WHAT TO DO: Pictures aside, the data must be reproduced exactly.

^^^^^^^^^^^^^^^^

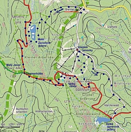 Trasa: sedlo Brennes – Malé Javorové jezero – Chamerhütte na Malém Javoru – Velký Javor – dolní stanice lanovky – Velké Javorové jezero = asi 20 km
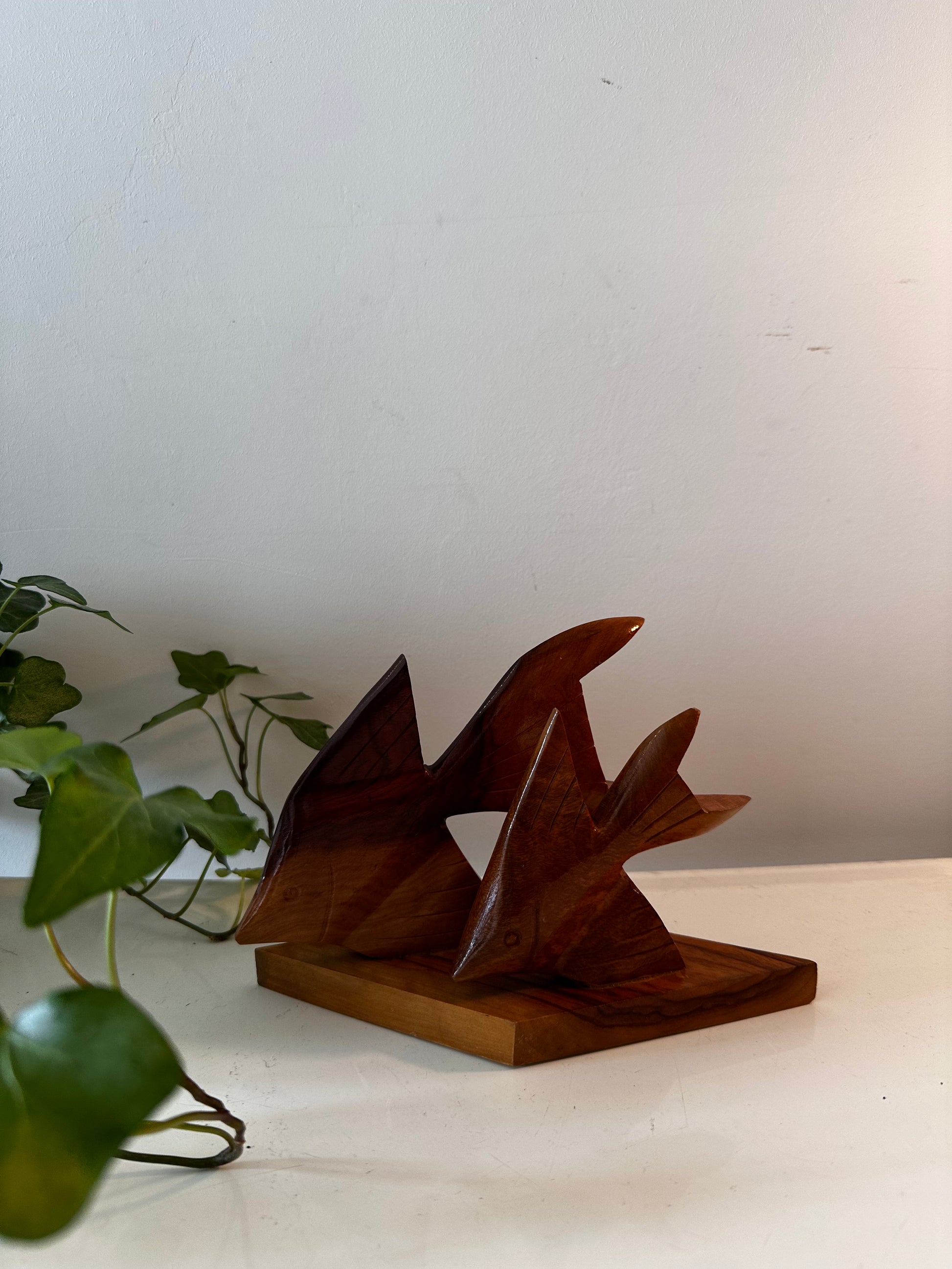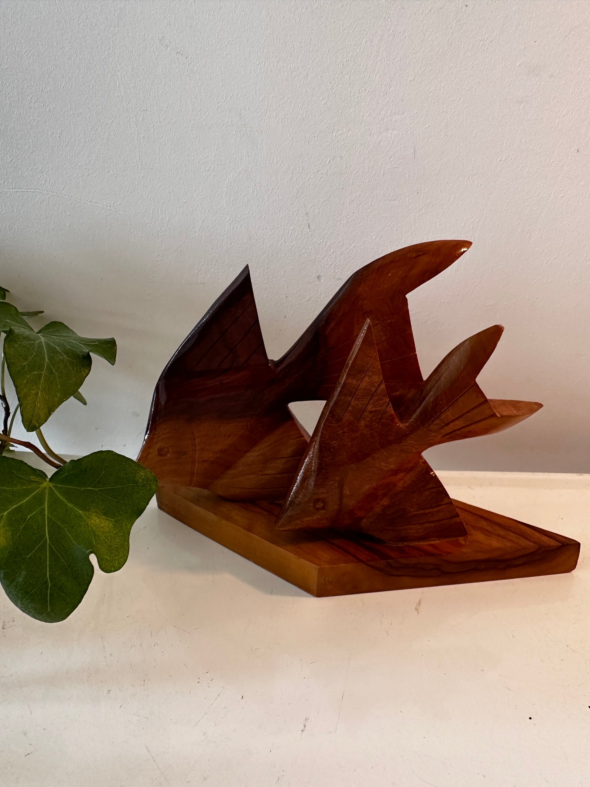 Een jaren 60 vintage houten beeldje. Dit teak houten beeld van twee vissen is in een supermooie vintage staat. Afkomstig uit Denemarken.
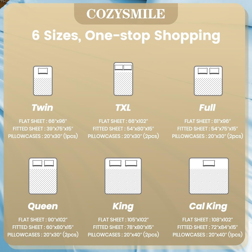 CozySmile Breathable Ultra Soft Full Sheet Set - Hotel Luxury 4 Piece Deep Pocket Sheets for Full Size Bed, Fits 16" Mattress, Easy Care Wrinkle Free Bedding Sheet and Pillowcase Set, Sky Blue Color: Sky BlueFeatures: EXCEPTIONAL SOFTNESS - CozySmile offers a luxury bedding sheets and pillowcases set crafted from hydro-brushed high-quality microfiber, indulge in the unparalleled smoothness and softness that envelops you day and night. 16" DEEP POCKET EASY FIT - All-around stretchable elastic fitted sheet and with generous dimensions, our bed sheets were designed to securely fit all mattress depths from 6 to 16 inches deep. PERFECT GIFT IDEA - CozySmile bedding sheet sets are the ideal choice for a thoughtful gift. With their wrinkle and pill-resistant properties, they ensure a neat and clean appearance. The breathable design keeps you cool and well-rested throughout the night. SAFETY & DURABILITY - Our bed sheets have passed rigorous OEKO-TEX Standard 100 testing, ensuring they are free from harmful materials for your peace of mind, they are also expertly crafted for long-lasting durability with 1000 thread count. VERSATILE SIZES & COLORS - Experience the perfect fit with our bedding sheet set, available in 6 sizes (Twin/Twin XL/Full/Queen/King/Cal King) and 9 elegant colors. Each set includes a fitted sheet, flat sheet, and 2 pillowcases (Twin size includes 1 pillowcase). Package Dimensions: 10.0 x 7.4 x 4.3 inches CozySmile Breathable Ultra Soft Full Sheet Set - Hotel Luxury 4 Piece Deep Pocket Sheets for Full Size Bed, Fits 16" Mattress, Easy Care Wrinkle Free Bedding Sheet and Pillowcase Set, Sky Blue Color: Sky Blue Features: EXCEPTIONAL SOFTNESS - CozySmile offers a luxury bedding sheets and pillowcases set crafted from hydro-brushed high-quality microfiber, indulge in the unparalleled smoothness and softness that envelops you day and night. 16" DEEP POCKET EASY FIT - All-around stretchable elastic fitted sheet and with generous dimensions, our bed sheets were designed to securely fit all mattress depths from 6 to 16 inches deep. PERFECT GIFT IDEA - CozySmile bedding sheet sets are the ideal choice for a thoughtful gift. With their wrinkle and pill-resistant properties, they ensure a neat and clean appearance. The breathable design keeps you cool and well-rested throughout the night. SAFETY & DURABILITY - Our bed sheets have passed rigorous OEKO-TEX Standard 100 testing, ensuring they are free from harmful materials for your peace of mind, they are also expertly crafted for long-lasting durability with 1000 thread count. VERSATILE SIZES & COLORS - Experience the perfect fit with our bedding sheet set, available in 6 sizes (Twin/Twin XL/Full/Queen/King/Cal King) and 9 elegant colors. Each set includes a fitted sheet, flat sheet, and 2 pillowcases (Twin size includes 1 pillowcase). Package Dimensions: 10.0 x 7.4 x 4.3 inches × × × × × × × × × × Buy now and save! Tell a friend Watch now Postage info Click the Postage tab above the listing description for more info Click the Postage tab above the listing description for more info! Additional delivery notes PICK UP OPTION Sorry, our items are NOT available for pick-up. PAYING VIA PAYPAL We accept PayPal on our all our items so you can shop with confidence. Simple choose the PayPal option when proceeding through the checkout. Additional Information No additional information at this time Ask seller a question You might also like ELEFOCUS Hidden Cameras,WiFi Wireless Camera,Nanny Cam,Spy Camera,Mini Camera,Sm Mini Body Camera Video Recorder, 1080P Small Portable Wearable Hidden Cameras wi Vancle 4 Pack Bands for Fitbit Inspire 2 Bands/Fitbit Inspire HR for Women Men, 2 Pack-Earbuds for iPhone Headphones Wired with Earphones [MFi Certified](Built- Contact To contact our Customer Service Team, simply click the button here and our Customer Service team will be happy to assist. Ask seller a question © My Store Postage Click the Postage tab above the listing description for more info Payment Accepted Payment Methods PayPal Returns Returns are accepted Items must be returned within 30 days of the auction ending Buyer will pay for return shipping. eBay integration by
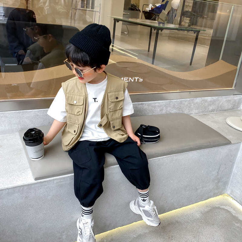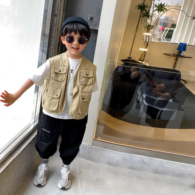 Boys' Workwear Style Vest 2024 Spring and Autumn New Children's Western Style Vest Waistcoat Baby's Autumn Coat Fashionable Clothes
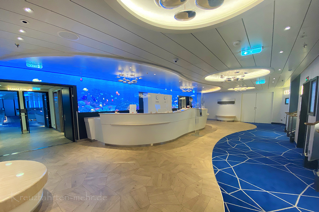 Der flauschige, blaue Teppich steht im Kontrast zu den hochwertigen Fliesen, die asymmetrisch, in geschwungener Form, vor dem Rezeptionsbereich verlegt sind. Es entsteht der Anschein, als würde der Tresen auf einer Eisscholle stehen. Hinter den freundlich lächelnden Damen, strahlt eine Unterwasserwelt auf einer LED-Wand. Die sich bewegenden Fische erwecken den Eindruck, als wäre man in einem spannenden Riff angekommen. Sie schwimmen ins Bild und verschwinden, ich könnte stundenlang zusehen…
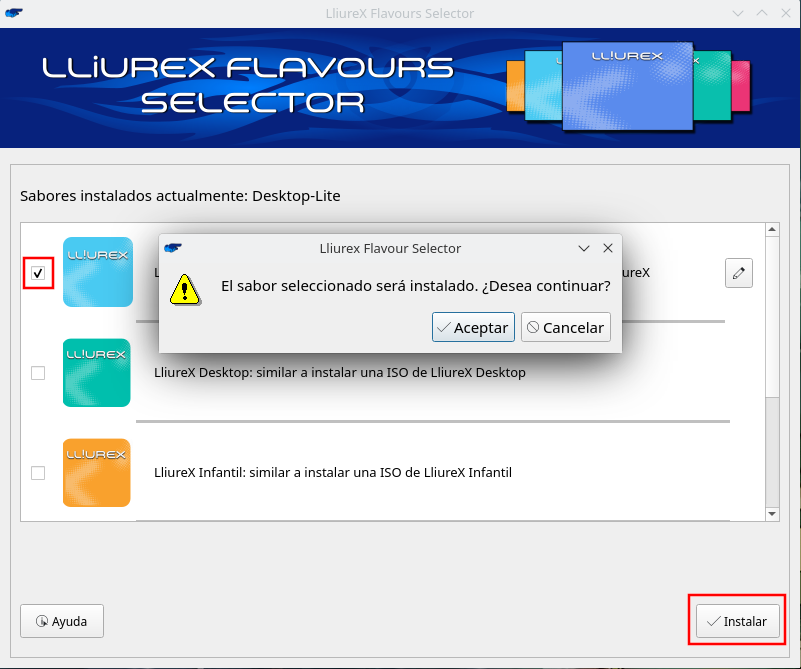 Cambiar sabor en LliureX

^^^^^^^^^^^^^^^^

EXERCISE ANSWER:
 Trasa: sedlo Brennes – Malé Javorové jezero – Chamerhütte na Malém Javoru – Velký Javor – dolní stanice lanovky – Velké Javorové jezero = asi 20 km
 Een jaren 60 vintage houten beeldje. Dit teak houten beeld van twee vissen is in een supermooie vintage staat. Afkomstig uit Denemarken.
 CozySmile Breathable Ultra Soft Full Sheet Set - Hotel Luxury 4 Piece Deep Pocket Sheets for Full Size Bed, Fits 16" Mattress, Easy Care Wrinkle Free Bedding Sheet and Pillowcase Set, Sky Blue Color: Sky BlueFeatures: EXCEPTIONAL SOFTNESS - CozySmile offers a luxury bedding sheets and pillowcases set crafted from hydro-brushed high-quality microfiber, indulge in the unparalleled smoothness and softness that envelops you day and night. 16" DEEP POCKET EASY FIT - All-around stretchable elastic fitted sheet and with generous dimensions, our bed sheets were designed to securely fit all mattress depths from 6 to 16 inches deep. PERFECT GIFT IDEA - CozySmile bedding sheet sets are the ideal choice for a thoughtful gift. With their wrinkle and pill-resistant properties, they ensure a neat and clean appearance. The breathable design keeps you cool and well-rested throughout the night. SAFETY & DURABILITY - Our bed sheets have passed rigorous OEKO-TEX Standard 100 testing, ensuring they are free from harmful materials for your peace of mind, they are also expertly crafted for long-lasting durability with 1000 thread count. VERSATILE SIZES & COLORS - Experience the perfect fit with our bedding sheet set, available in 6 sizes (Twin/Twin XL/Full/Queen/King/Cal King) and 9 elegant colors. Each set includes a fitted sheet, flat sheet, and 2 pillowcases (Twin size includes 1 pillowcase). Package Dimensions: 10.0 x 7.4 x 4.3 inches CozySmile Breathable Ultra Soft Full Sheet Set - Hotel Luxury 4 Piece Deep Pocket Sheets for Full Size Bed, Fits 16" Mattress, Easy Care Wrinkle Free Bedding Sheet and Pillowcase Set, Sky Blue Color: Sky Blue Features: EXCEPTIONAL SOFTNESS - CozySmile offers a luxury bedding sheets and pillowcases set crafted from hydro-brushed high-quality microfiber, indulge in the unparalleled smoothness and softness that envelops you day and night. 16" DEEP POCKET EASY FIT - All-around stretchable elastic fitted sheet and with generous dimensions, our bed sheets were designed to securely fit all mattress depths from 6 to 16 inches deep. PERFECT GIFT IDEA - CozySmile bedding sheet sets are the ideal choice for a thoughtful gift. With their wrinkle and pill-resistant properties, they ensure a neat and clean appearance. The breathable design keeps you cool and well-rested throughout the night. SAFETY & DURABILITY - Our bed sheets have passed rigorous OEKO-TEX Standard 100 testing, ensuring they are free from harmful materials for your peace of mind, they are also expertly crafted for long-lasting durability with 1000 thread count. VERSATILE SIZES & COLORS - Experience the perfect fit with our bedding sheet set, available in 6 sizes (Twin/Twin XL/Full/Queen/King/Cal King) and 9 elegant colors. Each set includes a fitted sheet, flat sheet, and 2 pillowcases (Twin size includes 1 pillowcase). Package Dimensions: 10.0 x 7.4 x 4.3 inches × × × × × × × × × × Buy now and save! Tell a friend Watch now Postage info Click the Postage tab above the listing description for more info Click the Postage tab above the listing description for more info! Additional delivery notes PICK UP OPTION Sorry, our items are NOT available for pick-up. PAYING VIA PAYPAL We accept PayPal on our all our items so you can shop with confidence. Simple choose the PayPal option when proceeding through the checkout. Additional Information No additional information at this time Ask seller a question You might also like ELEFOCUS Hidden Cameras,WiFi Wireless Camera,Nanny Cam,Spy Camera,Mini Camera,Sm Mini Body Camera Video Recorder, 1080P Small Portable Wearable Hidden Cameras wi Vancle 4 Pack Bands for Fitbit Inspire 2 Bands/Fitbit Inspire HR for Women Men, 2 Pack-Earbuds for iPhone Headphones Wired with Earphones [MFi Certified](Built- Contact To contact our Customer Service Team, simply click the button here and our Customer Service team will be happy to assist. Ask seller a question © My Store Postage Click the Postage tab above the listing description for more info Payment Accepted Payment Methods PayPal Returns Returns are accepted Items must be returned within 30 days of the auction ending Buyer will pay for return shipping. eBay integration by
 Boys' Workwear Style Vest 2024 Spring and Autumn New Children's Western Style Vest Waistcoat Baby's Autumn Coat Fashionable Clothes
 Der flauschige, blaue Teppich steht im Kontrast zu den hochwertigen Fliesen, die asymmetrisch, in geschwungener Form, vor dem Rezeptionsbereich verlegt sind. Es entsteht der Anschein, als würde der Tresen auf einer Eisscholle stehen. Hinter den freundlich lächelnden Damen, strahlt eine Unterwasserwelt auf einer LED-Wand. Die sich bewegenden Fische erwecken den Eindruck, als wäre man in einem spannenden Riff angekommen. Sie schwimmen ins Bild und verschwinden, ich könnte stundenlang zusehen…
 Cambiar sabor en LliureX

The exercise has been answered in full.